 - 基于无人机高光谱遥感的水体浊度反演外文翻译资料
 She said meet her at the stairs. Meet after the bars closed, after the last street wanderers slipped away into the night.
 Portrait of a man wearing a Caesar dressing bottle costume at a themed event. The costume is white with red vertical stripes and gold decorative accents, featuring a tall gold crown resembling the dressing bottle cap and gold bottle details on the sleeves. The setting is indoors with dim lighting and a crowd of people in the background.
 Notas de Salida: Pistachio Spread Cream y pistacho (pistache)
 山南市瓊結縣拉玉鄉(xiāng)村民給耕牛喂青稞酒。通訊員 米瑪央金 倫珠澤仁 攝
- - - - - - -
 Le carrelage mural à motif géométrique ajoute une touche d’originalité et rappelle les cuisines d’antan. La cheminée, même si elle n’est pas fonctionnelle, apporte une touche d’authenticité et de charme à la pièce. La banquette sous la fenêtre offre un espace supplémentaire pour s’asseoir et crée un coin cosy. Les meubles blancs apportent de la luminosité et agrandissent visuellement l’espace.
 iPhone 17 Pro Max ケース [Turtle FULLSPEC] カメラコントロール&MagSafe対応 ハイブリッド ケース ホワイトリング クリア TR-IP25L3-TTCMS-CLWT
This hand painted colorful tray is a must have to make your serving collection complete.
- - - - - - -
=== WHAT YOU ARE ASKED TO DO ===
Reproduce exactly, and with no other material, the lines between those holding "- 基于无人机高光谱遥感的水体浊度反演外文翻译资料" and "山南市瓊結縣拉玉鄉(xiāng)村民給耕牛喂青稞酒。通訊員 米瑪央金 倫珠澤仁 攝", inclusive.

=== PROBLEM SOLUTION ===
 - 基于无人机高光谱遥感的水体浊度反演外文翻译资料
 She said meet her at the stairs. Meet after the bars closed, after the last street wanderers slipped away into the night.
 Portrait of a man wearing a Caesar dressing bottle costume at a themed event. The costume is white with red vertical stripes and gold decorative accents, featuring a tall gold crown resembling the dressing bottle cap and gold bottle details on the sleeves. The setting is indoors with dim lighting and a crowd of people in the background.
 Notas de Salida: Pistachio Spread Cream y pistacho (pistache)
 山南市瓊結縣拉玉鄉(xiāng)村民給耕牛喂青稞酒。通訊員 米瑪央金 倫珠澤仁 攝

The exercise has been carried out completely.